Question

how to calculate unique read coverage in WGS of human

1

Entering edit mode

4.9 years ago

Nitha ▴ 20

Hi All,

I have to calculate the coverage for human WGS of illumina sequenced read. After reading the technique note of illumina I have some doubts in WGS coverage calculation of human sequence.

( https://www.illumina.com/content/dam/illumina-marketing/documents/products/technotes/hiseq-x-30x-coverage-technical-note-770-2014-042.pdf), it talks about the "the average coverage of unique reads".

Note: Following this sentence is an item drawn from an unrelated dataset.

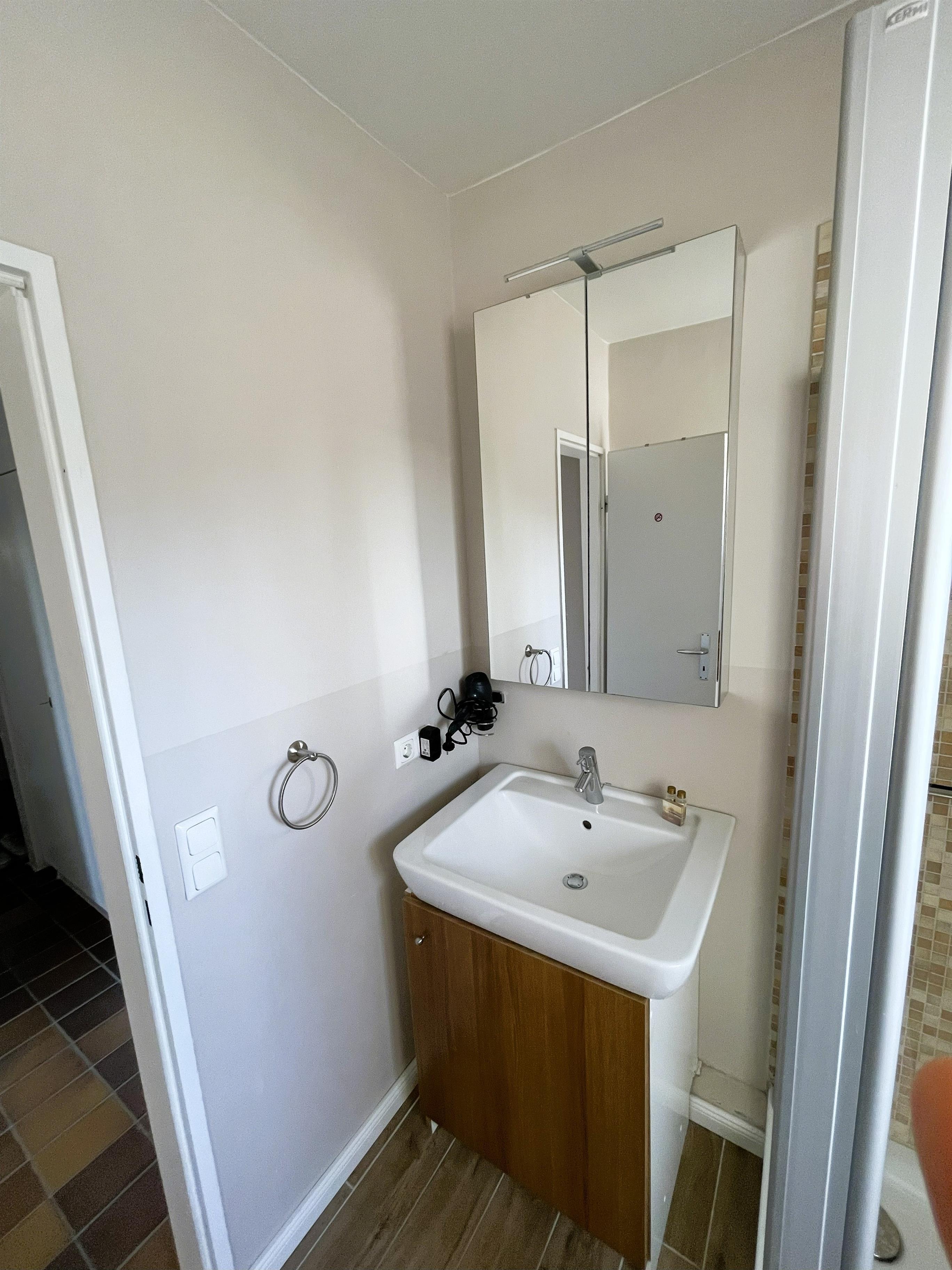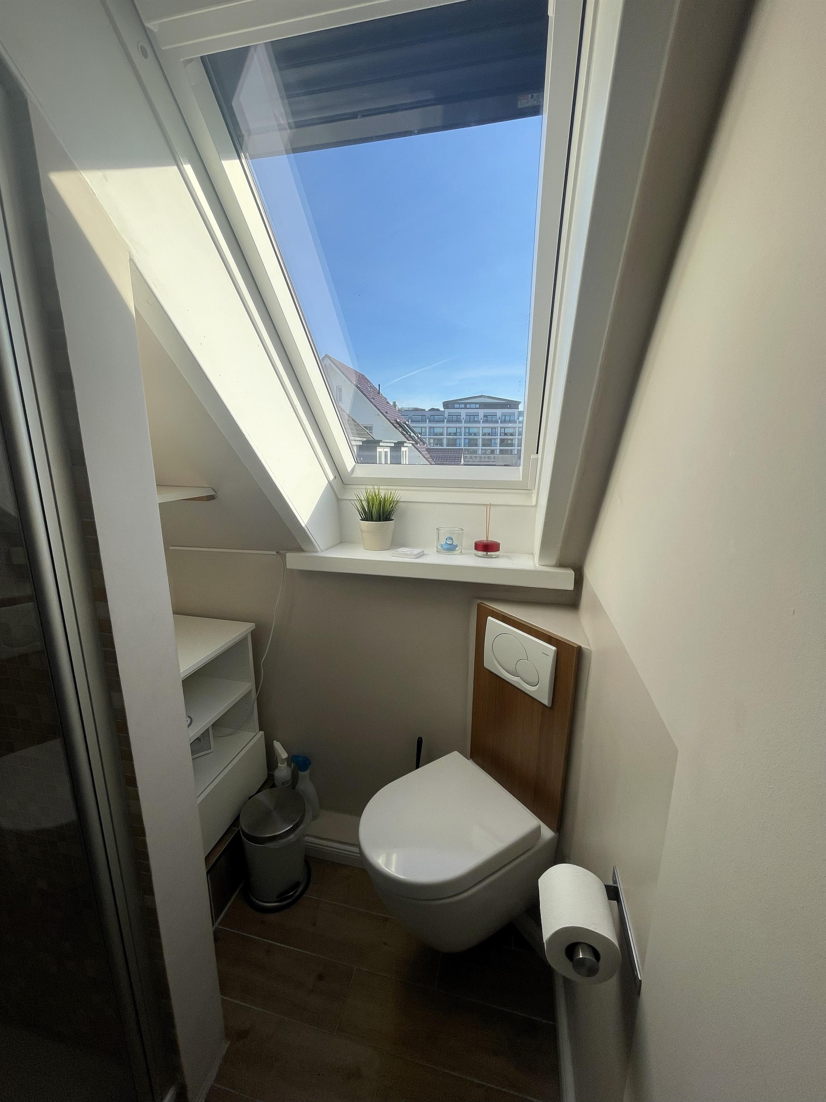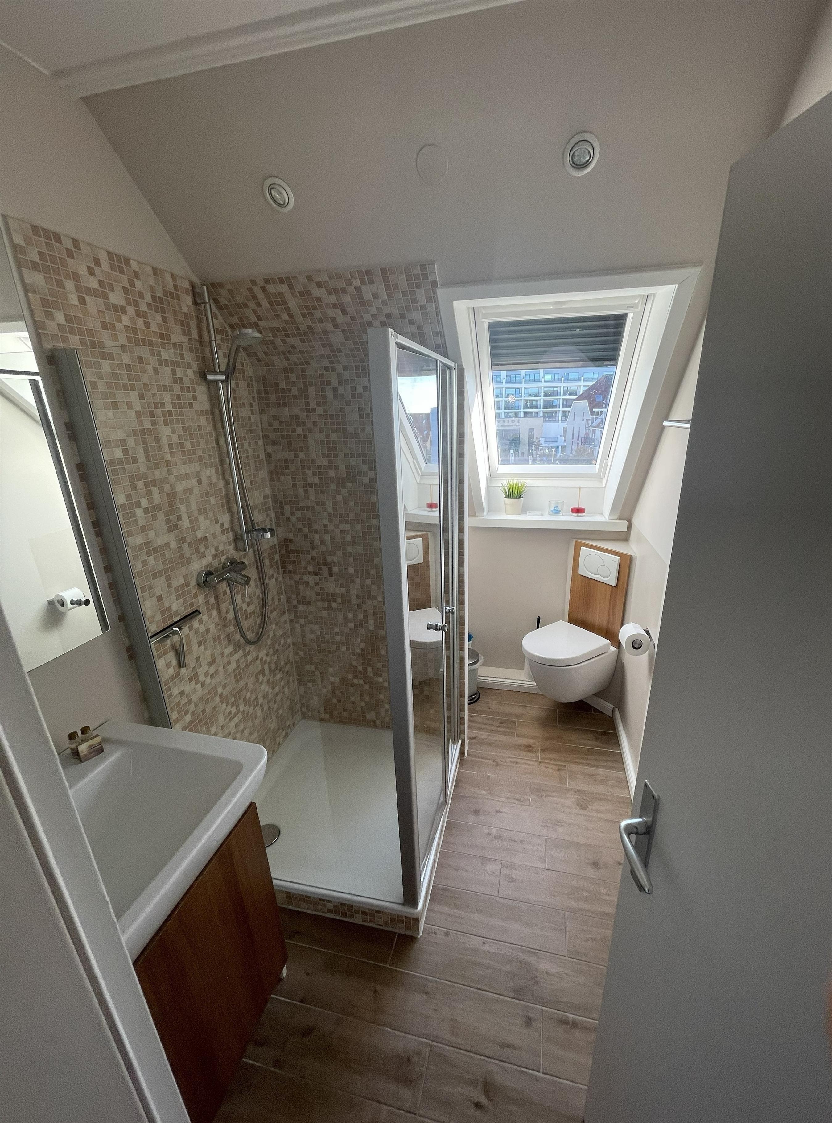 Das Badezimmer in der unteren Etage ist hell und modern gestaltet, mit Dusche, Waschbecken, Spiegelschrank und großem Dachfenster. Ein Föhn steht selbstverständlich auch zur Verfügung.

As far I know, the formula for calculating the sequence Coverage for WGS: Coverage =( total reads * length of read * 2 )/ length of genome sequenced. Whether there is any other the formula used for WGS coverage calculation? if so what is the difference strategy used by illumina platform for calculating coverage for WGS?
As I said before, after reading the technical Note of illumina (pdf from the link given above), in this pdf it says [Illumina defines sequencing coverage as “the average coverage of unique reads across the non-N portion of the human genome.”] My understanding of unique read is, "the read which mapped only once in a genome with a given number of mismatches" (please correct if my understanding wrong or limited). Could any one give an explanation of how the coverage is calculated for unique reads? I think that some time the adapter region may be assumed to calculate as unique reads? Is it so ?
Whether I have to remove duplicated before WGS coverage calculation?
whether anyone have a link or supporting document how Illumina is calculating the coverage for WGS of human?
What is the unique read enrichment? What is the important role of unique reads in WGS coverage calculation?

Any leads will be highly appreciated.

Thank in advance.

next-gen sequencing WGS human illumina • 3.4k views

ADD COMMENT • link updated 4.9 years ago by h.mon 35k • written 4.9 years ago by Nitha ▴ 20

1

Entering edit mode

The technical note you linked ends up at a "Page Not Found" message. As for your questions, I will briefly answer them:

the formula you used is for paired reads. If you have single-end reads, you don't multiply by two - or, to make the formula simpler and more general, just use as total reads, well, the total number of reads (all R1 reads + all R2 reads). If one were to be precise, the overlapping part of paired-end reads should be subtracted, as they are not "unique".
"unique reads" in this context means reads arising from an independent DNA fragment, not PCR or optical duplicates. Unless the library preparation or the library clusterization on the flowcell had problems, WGS should have a small number of technical duplicates, and most people just ignore them. Unique reads are important because sequencing several times the same PCR duplicate doesn't add information and, in fact, can introduce errors.

the read which mapped only once in a genome with a given number of mismatches

no, this is a uniquely mapped read.

ADD REPLY • link 4.9 years ago by h.mon 35k

0

Entering edit mode

Correct note PDF: https://www.illumina.com/content/dam/illumina-marketing/documents/products/technotes/hiseq-x-30x-coverage-technical-note-770-2014-042.pdf

ADD REPLY • link 4.9 years ago by GenoMax 142k

0

Entering edit mode

@genomax The link which had given is the technical note, which I had mentioned in my post. I couldn't understand the statement in the technical note [Illumina defines sequencing coverage as “the average coverage of unique reads across the non-N portion of the human genome.”]. could you explain it.

ADD REPLY • link 4.9 years ago by Nitha ▴ 20

0

Entering edit mode

@h.mon Thanks you. I am using paired end sequence. Now the above link is working, could you please explain how the illumina calculating the coverage, and what they mentioning about the unique reads. How Does Illumina Calculate Human WGS Coverage? Illumina defines sequencing coverage as “the average coverage of unique reads across the non-N portion of the human genome.”* Researchers can perform coverage calculations equivalent to Illumina calculation methods using BWA WGA App v1.05 or Isaac WGS App v2.0.6

ADD REPLY • link 4.9 years ago by Nitha ▴ 20

score 1 · Answer 1 · 2019-06-24

The formula:

coverage = total reads * length of read / length of genome

describes the expected sequencing coverage, that is, the theoretical coverage one would obtain (under some assumptions) with a given amount of sequencing for a given (haploid) genome size. This is know as the Lander/Waterman equation, and is mentioned at another Illumina tech note: Estimating Sequencing Coverage. See for example How Much Of The Genome Will Remain Un-Sequenced At A Given Coverage? for more discussions.

The tech note you linked (Sequencing Coverage Calculation Methods for Human Whole-Genome Sequencing) deals with the realized sequencing coverage, that is, the sequencing coverage obtained, after some artifacts are removed and some difficulties are taken into account. This coverage is calculated empirically: reads are mapped to the genome and the resulting coverage is calculated. Table 1 of the tech note shows which are the artifacts removed, and the genome size considered is the genome size of unambiguous bases after hard-masking the genome to remove repetitive regions.

This empirical sequencing coverage may vary according to the tools (and its parameters) used and choices as to which artifacts to remove.